▶ _Task data_
━━━━━━━━━━━━━━━━
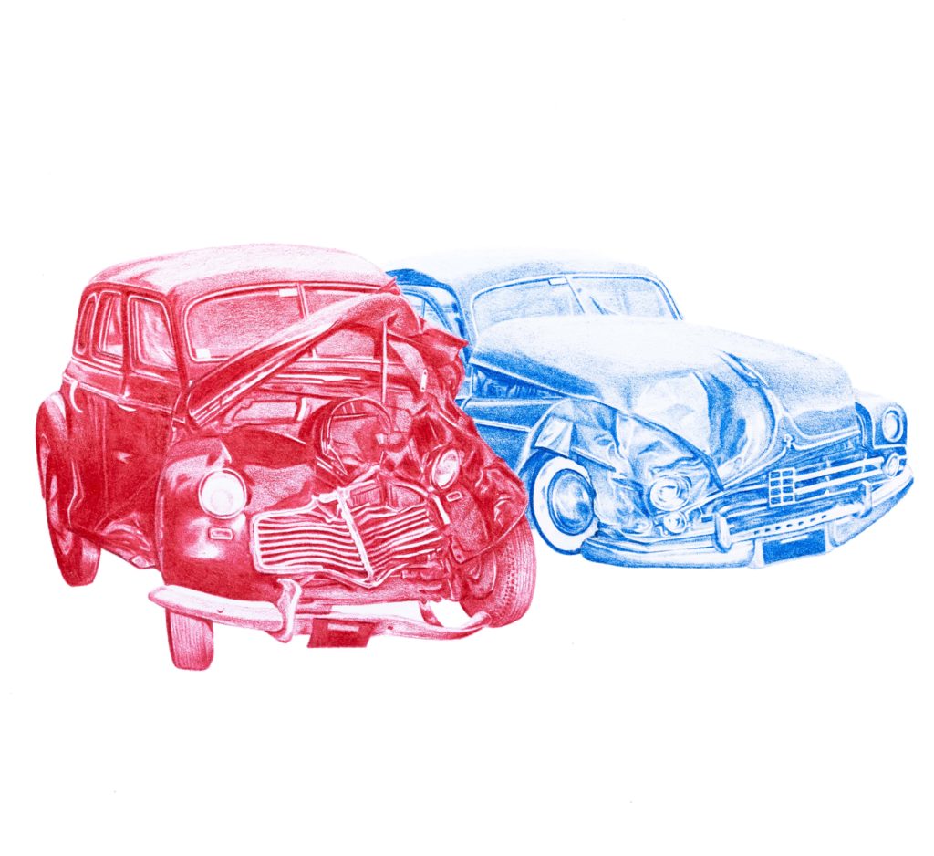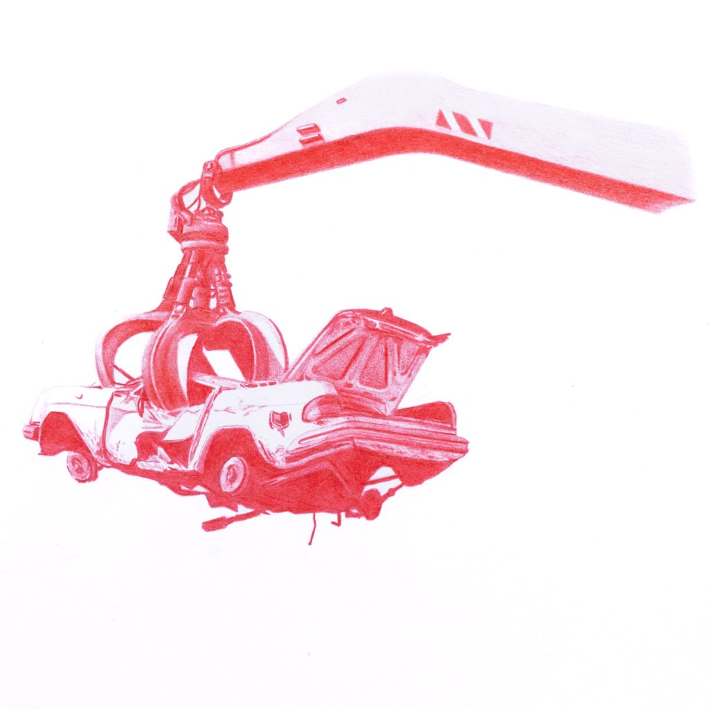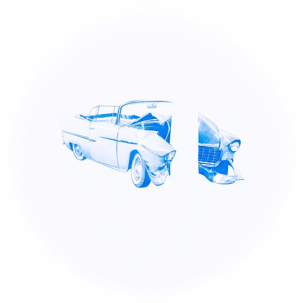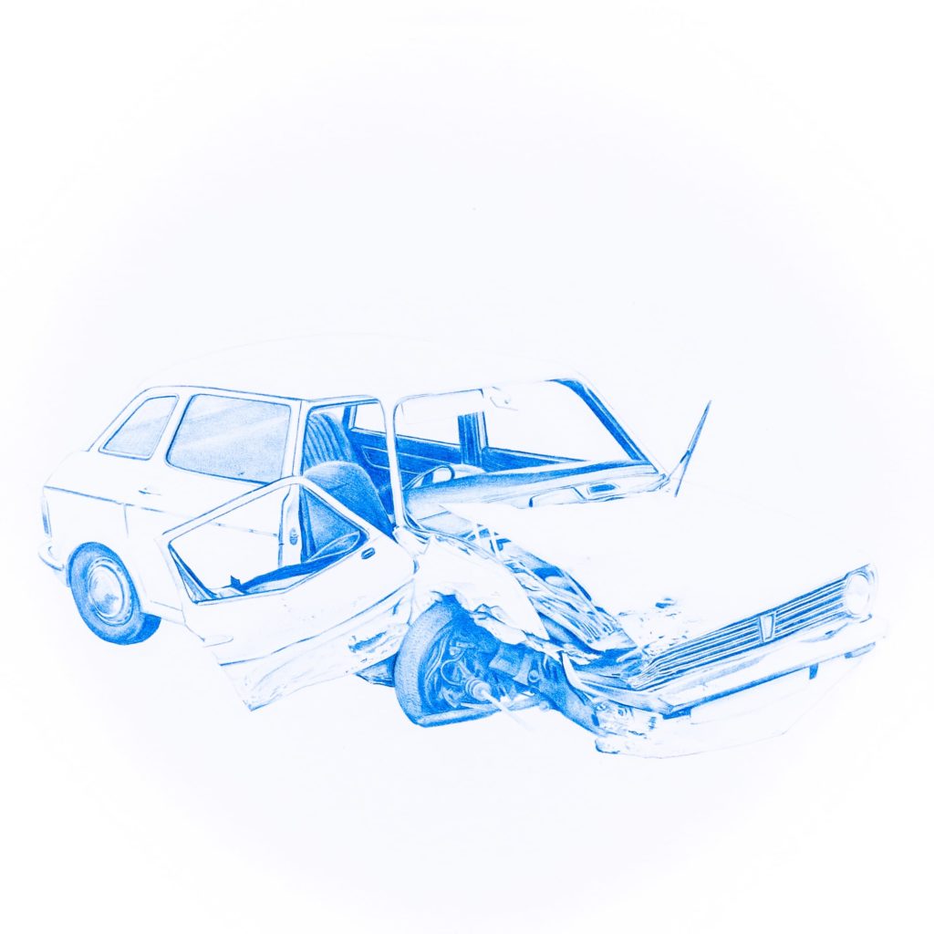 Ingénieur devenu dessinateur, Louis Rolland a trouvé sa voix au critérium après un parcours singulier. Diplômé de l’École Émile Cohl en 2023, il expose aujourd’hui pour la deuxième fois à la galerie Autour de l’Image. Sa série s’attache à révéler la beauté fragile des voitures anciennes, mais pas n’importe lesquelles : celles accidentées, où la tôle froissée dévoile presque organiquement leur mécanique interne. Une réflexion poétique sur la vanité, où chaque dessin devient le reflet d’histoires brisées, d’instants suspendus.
━━━━━━━━━━━━━━━━
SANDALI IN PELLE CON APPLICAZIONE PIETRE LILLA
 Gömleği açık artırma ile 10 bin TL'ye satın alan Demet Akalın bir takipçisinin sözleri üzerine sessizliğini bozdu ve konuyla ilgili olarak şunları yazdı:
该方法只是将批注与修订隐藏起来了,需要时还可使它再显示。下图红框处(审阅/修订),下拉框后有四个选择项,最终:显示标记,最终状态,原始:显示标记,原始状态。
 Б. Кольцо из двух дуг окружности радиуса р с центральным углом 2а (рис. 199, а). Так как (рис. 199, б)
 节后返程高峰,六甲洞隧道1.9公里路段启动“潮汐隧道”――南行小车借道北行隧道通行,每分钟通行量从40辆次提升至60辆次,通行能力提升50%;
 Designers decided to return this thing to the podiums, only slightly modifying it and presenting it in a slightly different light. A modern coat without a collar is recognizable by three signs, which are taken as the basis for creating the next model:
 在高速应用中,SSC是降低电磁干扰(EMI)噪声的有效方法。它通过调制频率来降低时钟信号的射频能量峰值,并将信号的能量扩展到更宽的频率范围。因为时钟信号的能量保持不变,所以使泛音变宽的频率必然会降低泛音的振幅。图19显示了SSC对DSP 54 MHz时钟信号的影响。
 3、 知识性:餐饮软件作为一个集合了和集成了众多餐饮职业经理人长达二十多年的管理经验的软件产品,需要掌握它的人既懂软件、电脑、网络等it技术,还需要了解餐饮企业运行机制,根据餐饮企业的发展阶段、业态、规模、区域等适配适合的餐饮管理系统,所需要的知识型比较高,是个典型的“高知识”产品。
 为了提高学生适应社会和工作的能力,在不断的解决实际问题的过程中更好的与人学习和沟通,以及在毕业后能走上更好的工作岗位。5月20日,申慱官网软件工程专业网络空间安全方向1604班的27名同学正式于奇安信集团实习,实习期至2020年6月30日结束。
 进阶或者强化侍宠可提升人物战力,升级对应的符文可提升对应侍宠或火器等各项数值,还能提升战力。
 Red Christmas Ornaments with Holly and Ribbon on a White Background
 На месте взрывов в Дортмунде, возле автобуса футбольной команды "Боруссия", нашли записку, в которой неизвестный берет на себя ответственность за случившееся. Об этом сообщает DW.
━━━━━━━━━━━━━━━━
▶ _Task brief_
Everything above from the line containing "SANDALI IN PELLE" down to the line containing "Red Christmas Ornaments" should be copied exactly, both end lines included, and nothing else.

▶ _Reply to the task_
SANDALI IN PELLE CON APPLICAZIONE PIETRE LILLA
 Gömleği açık artırma ile 10 bin TL'ye satın alan Demet Akalın bir takipçisinin sözleri üzerine sessizliğini bozdu ve konuyla ilgili olarak şunları yazdı:
该方法只是将批注与修订隐藏起来了,需要时还可使它再显示。下图红框处(审阅/修订),下拉框后有四个选择项,最终:显示标记,最终状态,原始:显示标记,原始状态。
 Б. Кольцо из двух дуг окружности радиуса р с центральным углом 2а (рис. 199, а). Так как (рис. 199, б)
 节后返程高峰,六甲洞隧道1.9公里路段启动“潮汐隧道”――南行小车借道北行隧道通行,每分钟通行量从40辆次提升至60辆次,通行能力提升50%;
 Designers decided to return this thing to the podiums, only slightly modifying it and presenting it in a slightly different light. A modern coat without a collar is recognizable by three signs, which are taken as the basis for creating the next model:
 在高速应用中,SSC是降低电磁干扰(EMI)噪声的有效方法。它通过调制频率来降低时钟信号的射频能量峰值,并将信号的能量扩展到更宽的频率范围。因为时钟信号的能量保持不变,所以使泛音变宽的频率必然会降低泛音的振幅。图19显示了SSC对DSP 54 MHz时钟信号的影响。
 3、 知识性:餐饮软件作为一个集合了和集成了众多餐饮职业经理人长达二十多年的管理经验的软件产品,需要掌握它的人既懂软件、电脑、网络等it技术,还需要了解餐饮企业运行机制,根据餐饮企业的发展阶段、业态、规模、区域等适配适合的餐饮管理系统,所需要的知识型比较高,是个典型的“高知识”产品。
 为了提高学生适应社会和工作的能力,在不断的解决实际问题的过程中更好的与人学习和沟通,以及在毕业后能走上更好的工作岗位。5月20日,申慱官网软件工程专业网络空间安全方向1604班的27名同学正式于奇安信集团实习,实习期至2020年6月30日结束。
 进阶或者强化侍宠可提升人物战力,升级对应的符文可提升对应侍宠或火器等各项数值,还能提升战力。
 Red Christmas Ornaments with Holly and Ribbon on a White Background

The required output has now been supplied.